I was back at the headquarters in Denver, about a fifteen minute drive from the hotel that I was in. It was seven in the morning, and the sun was just rising over the horizon. Yet when I walked inside, there was a crowd of people standing at the foot of the staircase, looking at the plastic trap which separated the construction area from the finished building. I pushed my way through the crowd and saw that there were claw marks, going up, down and across the tarp.

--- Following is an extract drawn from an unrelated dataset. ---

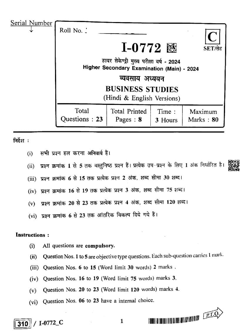 MP Board Class 12th Business Studies Question Paper 2024 PDF – Click Here to Download Question Paper

Along with tape blocking the tarp, men in security outfits were blocking the way so the crowd couldn't get through. Two men in suits were inside the barrier, looking at the destroyed part of the tarp. I recognized one as Adam Cambridge, an Englishman who I had talked to yesterday, the other being a man from New Zealand named Tangaroa. He was crouching down and looking at a strange, orange substance on the floor. Adam turned to me and told one of the security guards that I could come in, much to the disappointment of the crowd behind me. "Hello, George. I'm sure you heard the news that I told you this morning. One of your workers was... infected." "Yeah, I know that. So... do you know anything about it? Or did you just arrive here?"

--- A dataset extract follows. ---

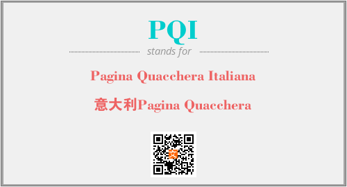 英文缩略词“PQI”经常作为“Pagina Quacchera Italiana”的英文缩写来使用,中文表示:“意大利Pagina Quacchera”。本文将详细介绍英文缩写词PQI所代表英文单词,其对应的中文拼音、详细解释以及在英语中的流行度。此外,还有关于缩略词PQI的分类、应用领域及相关应用示例等。

"I do, actually. After multiple meetings with other heads of Laminax's American Scientific Departments, I headed about two stairs above to talk with my fellow scientists and researchers about two floors above where the meetings were held. Shortly after I had a short discussion with the Head of Science of the Salt Lake City branch, me and Tangaroa went into a nearby elevator so we could both exit the building and get to our hotel near Denver International, but Tangaroa said that he needed to use the restroom as we entered the elevator. Since there were no restrooms on the floor that we were on, we had to go down to the nearest floor that did have restrooms. Once we arrived at the floor and headed down the hall to the bathroom, me and Tangaroa both talking to each other, and we both didn't notice what was just down the hall... a Catte, looking right at the both of us. I noticed it standing near the end of the hallway, and told Tangaroa to stop. I slowly approached the Catte with Tangaroa, and then it emitted a low growl, and then it hissed. Its fur was also noticeably raised, its tail puffed up, ears pinned back and claws out. It was clearly about to attack the both of us. Then, it suddenly became calmer, before then it running away, down the stairs. Security was called, but by the time they had gotten here, the Catte had escaped."